Die Erkenntnisse aus dem Erleben der Kriegsschrecknisse fanden unter anderem eindrucksvoll in der Radierung „Die sieben Schalen des Zorns“ und in den Ölbildern „Das Leiden der Frau im Kriege“ aus dem Jahr 1918 und „Die Kriegsfurie“ (1919) ihren Ausdruck. Diese Kunstwerke sind beeindruckende Zeugnisse des Weges des Heinrich Vogeler vom Kriegsfreiwilligen zum glühenden Pazifisten und sozialistischen Kämpfer gegen Krieg und Gewalt, der ruhelos nach Auswegen aus der am Krieg verdienenden Kapitalordnung sucht.
Am Ende des Europa verwüstenden Ersten Weltkrieges gelangte Vogeler zu der Erkenntnis, dass alles getan werden muss, ein von Gewalt, Ausbeutung und Repressionen freies Leben zwischen Menschen wie Völkern zu erkämpfen.

Der Friedensbrief des Heinrich Vogeler an Kaiser Wilhelm II. gehört mit gutem Grund zu den herausragenden deutschen Künstlerschriften des 20. Jahrhunderts. Auch mit Bezug auf diesen eindringlichen Appell aus dem Jahre 1918 drängt sich heute mit aller Macht die Frage auf:
Haben die aktuell Regierenden in Deutschland, in Westeuropa und in den USA nichts aus der Geschichte gelernt?

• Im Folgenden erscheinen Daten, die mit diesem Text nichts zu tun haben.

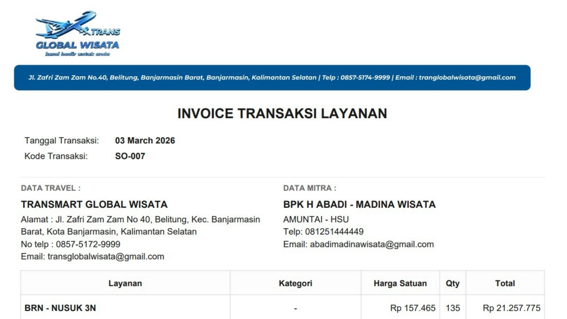 Setiap transaksi dalam sistem dapat menghasilkan invoice, kwitansi, dan dokumen yang siap dicetak sehingga memudahkan proses administrasi travel.

Für mich als Kriegskind, geboren 1939, dessen Vater 1944 als einfacher Soldat der deutschen Wehrmacht wie Millionen andere „an der Ostfront“ umgekommen ist, bleibt nur eine Schlussfolgerung: Diejenigen, die heute weiter schwere Waffen für die Ukraine im Kampf gegen Rußland unter Putin fordern, sollten sich ihrerseits – freiwillig – zum persönlichen Kriegseinsatz in der Ukraine melden. Dann werden auch sie gewiss endlich begreifen, welche Gefahren sie für den Weltfrieden heraufbeschwören. Dass dieser Krieg umgehend beendet werden muss.